[DATA EXTRACTS — start]

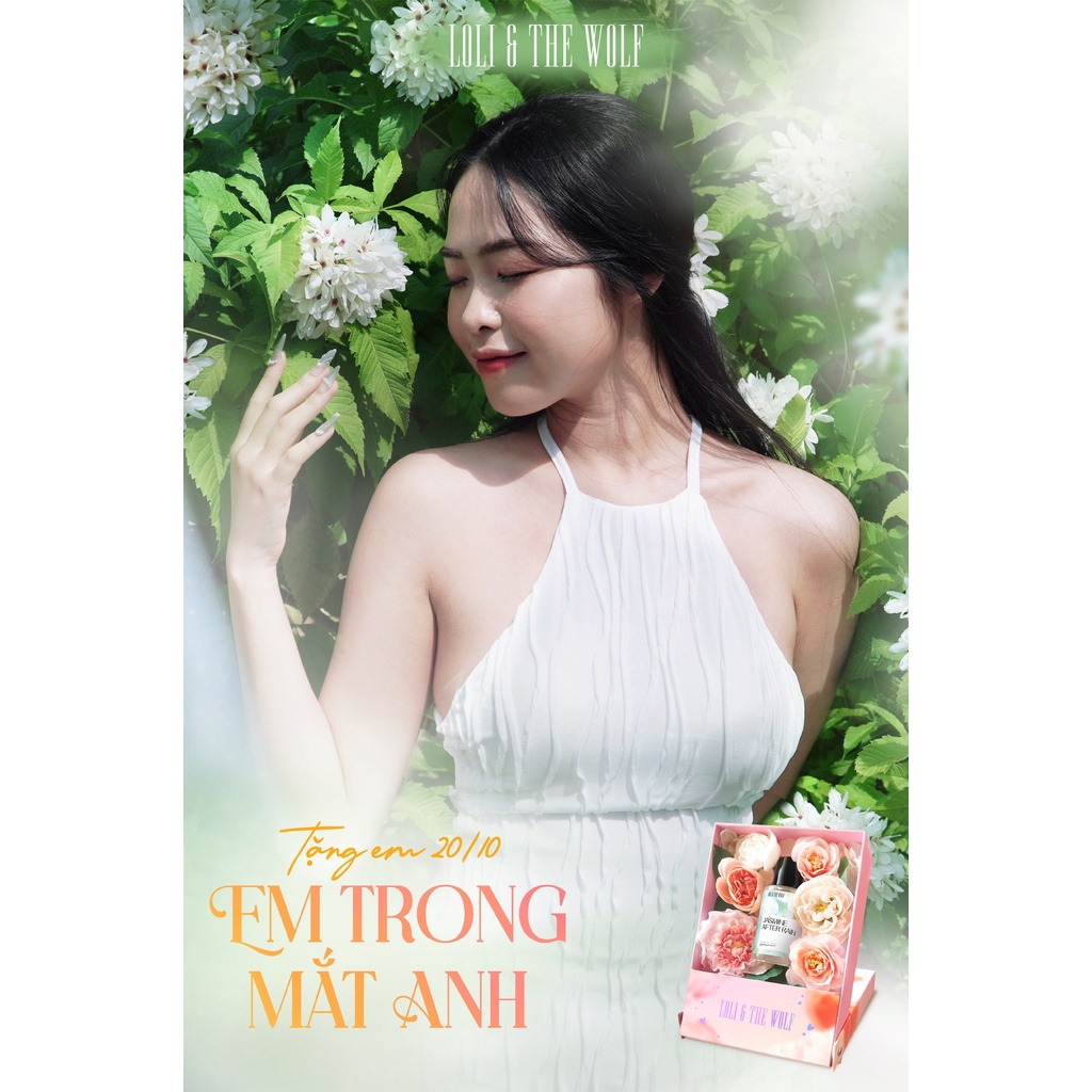 BỘ QUÀ TẶNG 20/10 LOLI AND THE WOLF EM TRONG MẮT ANH - Nước hoa nữ DAISY ON SUNSET hoặc JASMINE AFTER RAIN chai 50ml - Con gái thường hay hỏi “Anh ơi, anh thấy em sao?”. Bởi nỗi lo lắng về hình ảnh bản thân trong mắt người yêu luôn thường trực trong lòng các cô gái. Box quà tặng “Em trong mắt anh” của Loli & The Wolf. Bạn có thể lựa chọn 1 trong 2 mùi nước hoa mới: + Daisy On Sunset: Rạng rỡ & Thơ ngây như cúc hoạ mi dưới ánh hoàng hôn. Một mùi hương hoa dễ chịu và tươi tắn + Jasmine After Rain: Trong trẻo & Thuần khiết như đoá hoa nhài sau mưa. Một mùi hương hoa đằm thắm & dịu dàng * THÔNG TIN SẢN PHẨM - 1 hộp quà được trang trí bằng hoa lụa - 1 Chai nước hoa mùi Daisy On Sunset hoặc Jasmine After Rain dung tích 50ml - Dòng nước hoa Extrait De Parfum với 25% tinh cốt nước hoa - Nước hoa Daisy On Sunset 50ml + Hương đầu: Dâu tây, Nho, Lá Violet + Hương giữa: Hoa Violet, Hoa nhài, Cây Sơn Chi + Hương cuối: Gỗ trắng, Xạ hương, Vanilla - Nước hoa Jasmine After Rain 50ml + Hương đầu: Đào, Vải + Hương giữa: Hoa hồng, hoa nhài, hoa huệ + Hương cuối: Bơ hạt mỡ, hổ phách, xạ hương * THÔNG TIN CHI TIẾT: - Thương hiệu: Loli & The Wolf - Sản xuất tại Việt Nam - Bảo quản ở nhiệt độ phòng - Sản xuất tại: Công ty TNHH Natural House (644/4 Đường 3 tháng 2, Phường 14, Quận 10, Thành phố Hồ Chí Minh) + Lưu ý: Địa chỉ này không bán trực tiếp - Hạn sử dụng: 3 năm kể từ ngày sản xuất - Official Store: 698 Sư Vạn Hạnh phường 12, quận 10, HCM
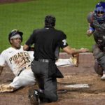 Pirates third baseman Ke’Bryan Hayes scores past Cubs catcher Willson Contreras during the 10th inning Tuesday, Sept. 1, 2020, at PNC Park.
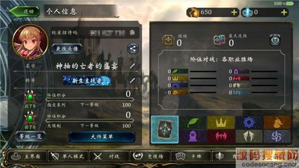 在这里你可以变更你的名称、称号、徽章以及旗帜。右侧为你的游戏段位以及游戏累计分数。下方为阶位对战:职业胜利场数。
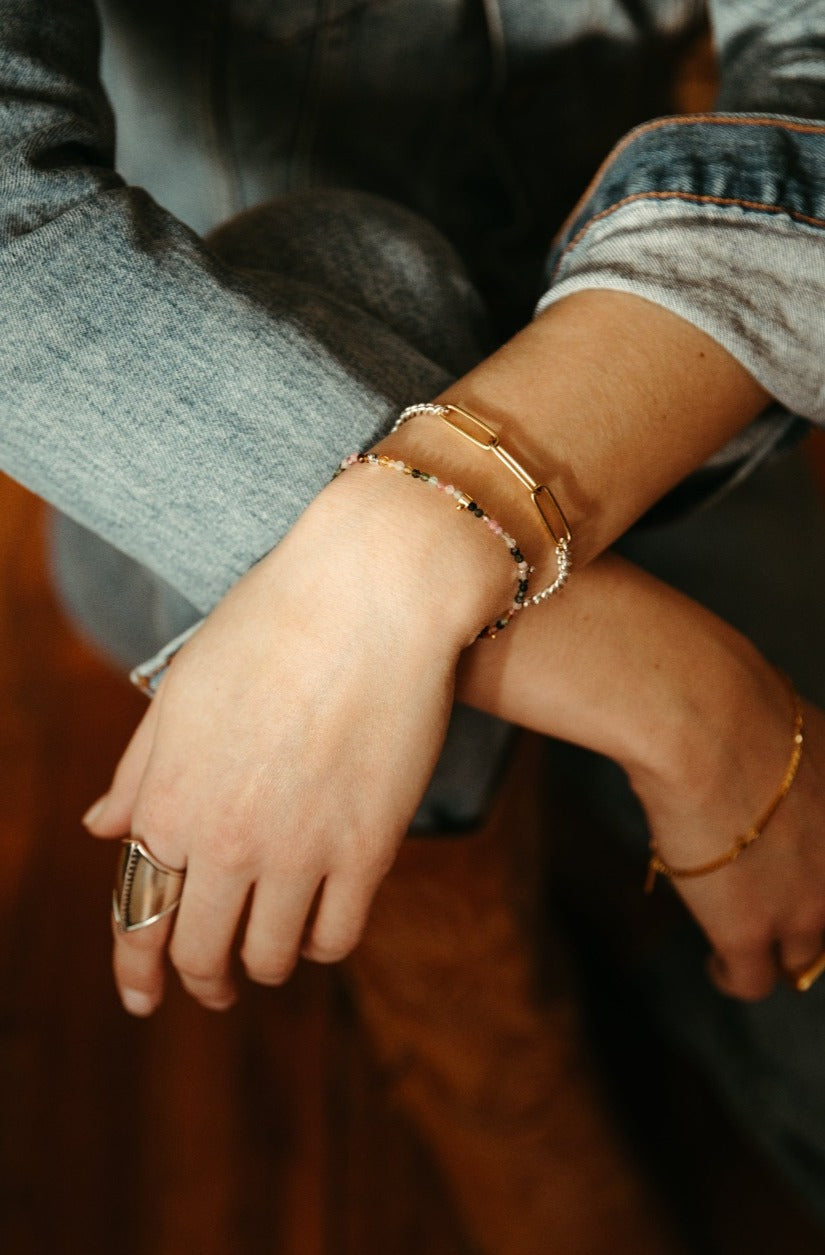 The 1969 Bracelet - Tourmaline by Sierra Winter Jewelry channels the colorful, liberating spirit of Woodstock with an earthy palette of natural tourmaline beads. A symbol of freedom and creativity, this bracelet pulses with the eclectic energy of the 1960s, grounded in a modern silhouette with sterling silver and gold vermeil touches. Whether you're stacking it or wearing it solo, it’s a soulful celebration of color and individuality.
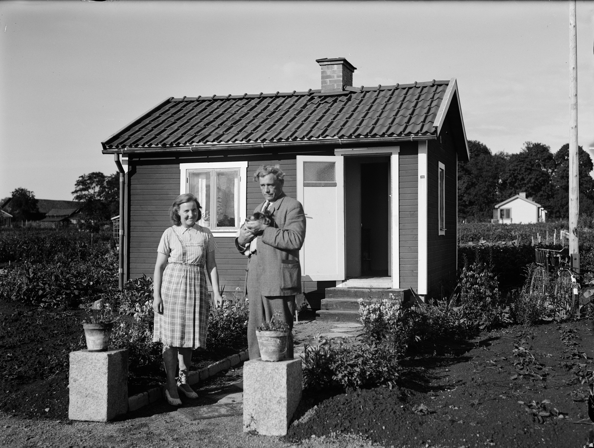 Tunabergs koloniträdgårdsförenings ordförande, ombudsman Karl Axel Åberg med fru Lagerkvist framför hennes kolonistuga i Tunabergskolonin, Tuna backar
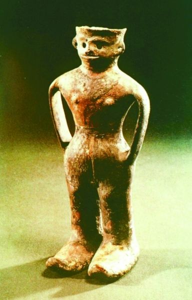 其实这靴子的出现,可以追溯到史前。前面提到陈列在展柜里的陶靴,靴面和靴筒上还有彩绘,属于辛店文化,青海乐都柳湾遗址出土,是史前遗物。在甘肃玉门的火烧沟遗址,还见到一件彩陶双耳罐,陶罐的底部做成穿着靴子的双脚模样,属四坝文化。火烧沟遗址还见到一件陶人像,人像双手掐腰,脚上是一双大靴子,这样夸张地表现靴子,匠心独运。
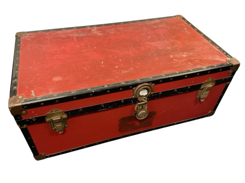 A large red trunk with brass mounts and studding, leather handles and lined interior. (36in x 20in x 14in)
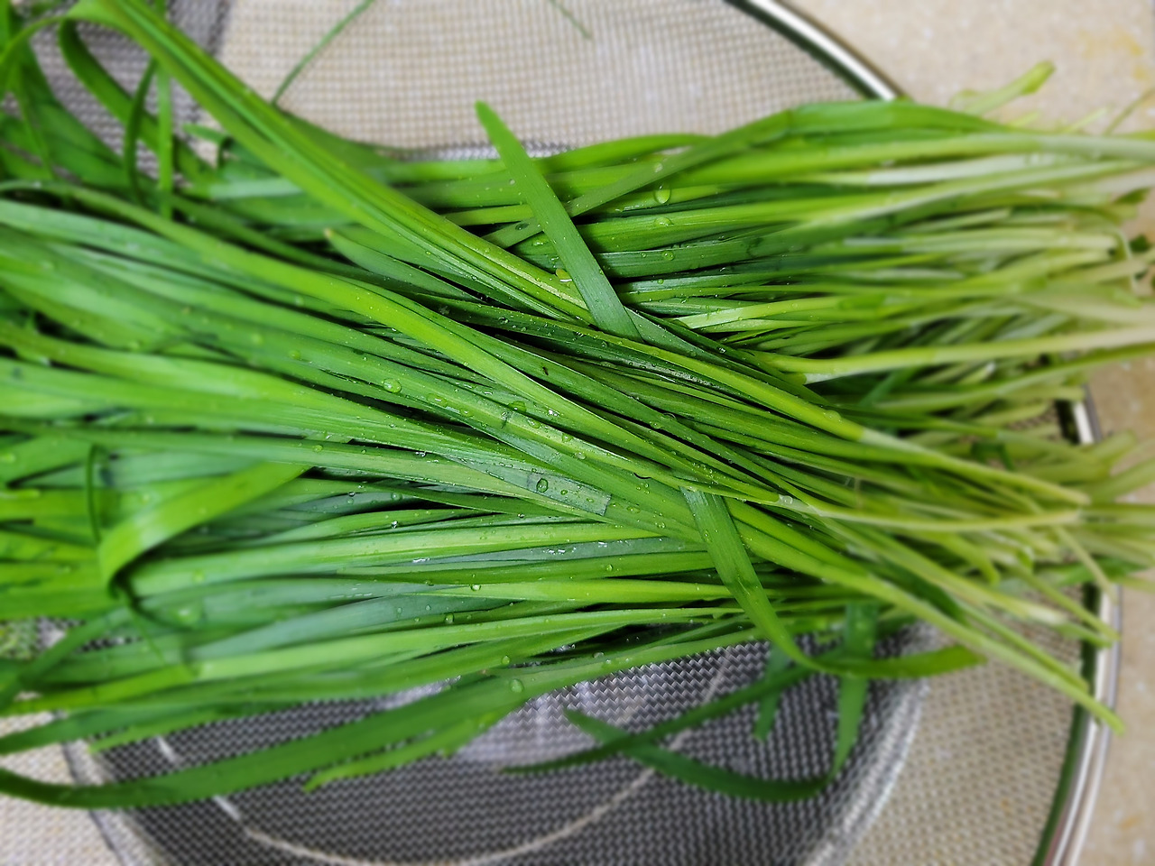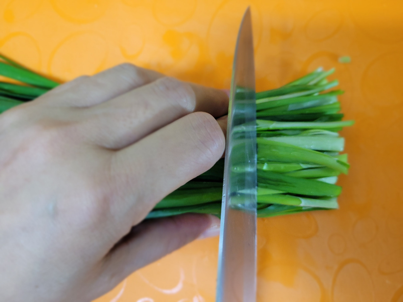 3. 부추 물기를 탁탁 털어서 먹기 좋게 4cm 크기로 썰어줍니다.
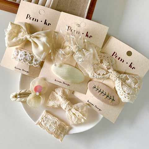 Pince à cheveux mignonne pinces à cheveux pour filles nouvelle arrivée coréenne printemps Collection rose dentelle fleur pince tissu matériel (2 pièces)
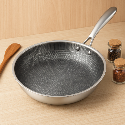 Découvrez la poêle inox nid d’abeille, conçue pour une cuisson saine et intuitive. Sa surface en relief forme un motif hexagonal qui permet aux aliments de glisser naturellement, sans revêtement chimique.
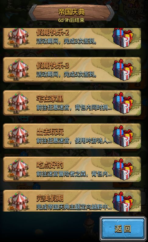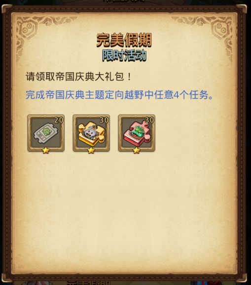 完成上面任务中的任意四个即可获取庆典大礼包!(虽然假期结束了,但是奖励还是不能少的)
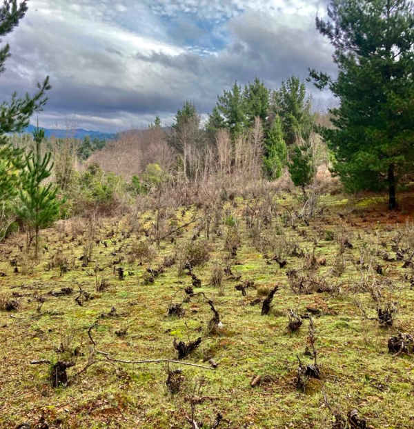 La Viña 77 es el nombre que figura en los registros de inscripción de estos viñedos en la Región del BioBío y que da cuenta de su antigüedad. Se encuentra en el sector El Venado, en las cercanías de Santa Juana, a 70 kilómetros de Concepción. Es un paisaje placentero, un tesoro escondido en medio de la actividad forestal imperante en la zona. Donde mires, los estímulos aparecen en miles de formas, colores y texturas en cada una de las estaciones del año. Un cerro de parras de la cepa país, forman una especie de pirámide, a unos dos kilómetros del Río Biobío. De fondo vemos robles, boldos, maitenes y quillay. Es un sublime bosque bordeado por un pequeño estero. La respiración se expande, se siente el aroma de los manzanos, ciruelos, membrillos y limoneros, la alegría de los perales, las higueras y de las murtillas que salen al encuentro. Se siente su energía del suelo… granítico, sedimentario y volcánico. Un suelo agreste, que aun en el más seco de los años, aguanta con vida y fragancia vides de más doscientos años. Esta es la “Tierra de Pumas”, desde donde nace el tinto País del mismo nombre, hogar de árboles y flores, que evocan los tiempos donde la vida silvestre era la única imperante y vigilada por el puma, el gran rey de Nahuelbuta.

[DATA EXTRACTS — finish]

→ EXERCISE PROMPT
Leaving out any pictures, write the records above out exactly as they are.

→ ANSWER SPACE
 BỘ QUÀ TẶNG 20/10 LOLI AND THE WOLF EM TRONG MẮT ANH - Nước hoa nữ DAISY ON SUNSET hoặc JASMINE AFTER RAIN chai 50ml - Con gái thường hay hỏi “Anh ơi, anh thấy em sao?”. Bởi nỗi lo lắng về hình ảnh bản thân trong mắt người yêu luôn thường trực trong lòng các cô gái. Box quà tặng “Em trong mắt anh” của Loli & The Wolf. Bạn có thể lựa chọn 1 trong 2 mùi nước hoa mới: + Daisy On Sunset: Rạng rỡ & Thơ ngây như cúc hoạ mi dưới ánh hoàng hôn. Một mùi hương hoa dễ chịu và tươi tắn + Jasmine After Rain: Trong trẻo & Thuần khiết như đoá hoa nhài sau mưa. Một mùi hương hoa đằm thắm & dịu dàng * THÔNG TIN SẢN PHẨM - 1 hộp quà được trang trí bằng hoa lụa - 1 Chai nước hoa mùi Daisy On Sunset hoặc Jasmine After Rain dung tích 50ml - Dòng nước hoa Extrait De Parfum với 25% tinh cốt nước hoa - Nước hoa Daisy On Sunset 50ml + Hương đầu: Dâu tây, Nho, Lá Violet + Hương giữa: Hoa Violet, Hoa nhài, Cây Sơn Chi + Hương cuối: Gỗ trắng, Xạ hương, Vanilla - Nước hoa Jasmine After Rain 50ml + Hương đầu: Đào, Vải + Hương giữa: Hoa hồng, hoa nhài, hoa huệ + Hương cuối: Bơ hạt mỡ, hổ phách, xạ hương * THÔNG TIN CHI TIẾT: - Thương hiệu: Loli & The Wolf - Sản xuất tại Việt Nam - Bảo quản ở nhiệt độ phòng - Sản xuất tại: Công ty TNHH Natural House (644/4 Đường 3 tháng 2, Phường 14, Quận 10, Thành phố Hồ Chí Minh) + Lưu ý: Địa chỉ này không bán trực tiếp - Hạn sử dụng: 3 năm kể từ ngày sản xuất - Official Store: 698 Sư Vạn Hạnh phường 12, quận 10, HCM
 Pirates third baseman Ke’Bryan Hayes scores past Cubs catcher Willson Contreras during the 10th inning Tuesday, Sept. 1, 2020, at PNC Park.
 在这里你可以变更你的名称、称号、徽章以及旗帜。右侧为你的游戏段位以及游戏累计分数。下方为阶位对战:职业胜利场数。
 The 1969 Bracelet - Tourmaline by Sierra Winter Jewelry channels the colorful, liberating spirit of Woodstock with an earthy palette of natural tourmaline beads. A symbol of freedom and creativity, this bracelet pulses with the eclectic energy of the 1960s, grounded in a modern silhouette with sterling silver and gold vermeil touches. Whether you're stacking it or wearing it solo, it’s a soulful celebration of color and individuality.
 Tunabergs koloniträdgårdsförenings ordförande, ombudsman Karl Axel Åberg med fru Lagerkvist framför hennes kolonistuga i Tunabergskolonin, Tuna backar
 其实这靴子的出现,可以追溯到史前。前面提到陈列在展柜里的陶靴,靴面和靴筒上还有彩绘,属于辛店文化,青海乐都柳湾遗址出土,是史前遗物。在甘肃玉门的火烧沟遗址,还见到一件彩陶双耳罐,陶罐的底部做成穿着靴子的双脚模样,属四坝文化。火烧沟遗址还见到一件陶人像,人像双手掐腰,脚上是一双大靴子,这样夸张地表现靴子,匠心独运。
 A large red trunk with brass mounts and studding, leather handles and lined interior. (36in x 20in x 14in)
 3. 부추 물기를 탁탁 털어서 먹기 좋게 4cm 크기로 썰어줍니다.
 Pince à cheveux mignonne pinces à cheveux pour filles nouvelle arrivée coréenne printemps Collection rose dentelle fleur pince tissu matériel (2 pièces)
 Découvrez la poêle inox nid d’abeille, conçue pour une cuisson saine et intuitive. Sa surface en relief forme un motif hexagonal qui permet aux aliments de glisser naturellement, sans revêtement chimique.
 完成上面任务中的任意四个即可获取庆典大礼包!(虽然假期结束了,但是奖励还是不能少的)
 La Viña 77 es el nombre que figura en los registros de inscripción de estos viñedos en la Región del BioBío y que da cuenta de su antigüedad. Se encuentra en el sector El Venado, en las cercanías de Santa Juana, a 70 kilómetros de Concepción. Es un paisaje placentero, un tesoro escondido en medio de la actividad forestal imperante en la zona. Donde mires, los estímulos aparecen en miles de formas, colores y texturas en cada una de las estaciones del año. Un cerro de parras de la cepa país, forman una especie de pirámide, a unos dos kilómetros del Río Biobío. De fondo vemos robles, boldos, maitenes y quillay. Es un sublime bosque bordeado por un pequeño estero. La respiración se expande, se siente el aroma de los manzanos, ciruelos, membrillos y limoneros, la alegría de los perales, las higueras y de las murtillas que salen al encuentro. Se siente su energía del suelo… granítico, sedimentario y volcánico. Un suelo agreste, que aun en el más seco de los años, aguanta con vida y fragancia vides de más doscientos años. Esta es la “Tierra de Pumas”, desde donde nace el tinto País del mismo nombre, hogar de árboles y flores, que evocan los tiempos donde la vida silvestre era la única imperante y vigilada por el puma, el gran rey de Nahuelbuta.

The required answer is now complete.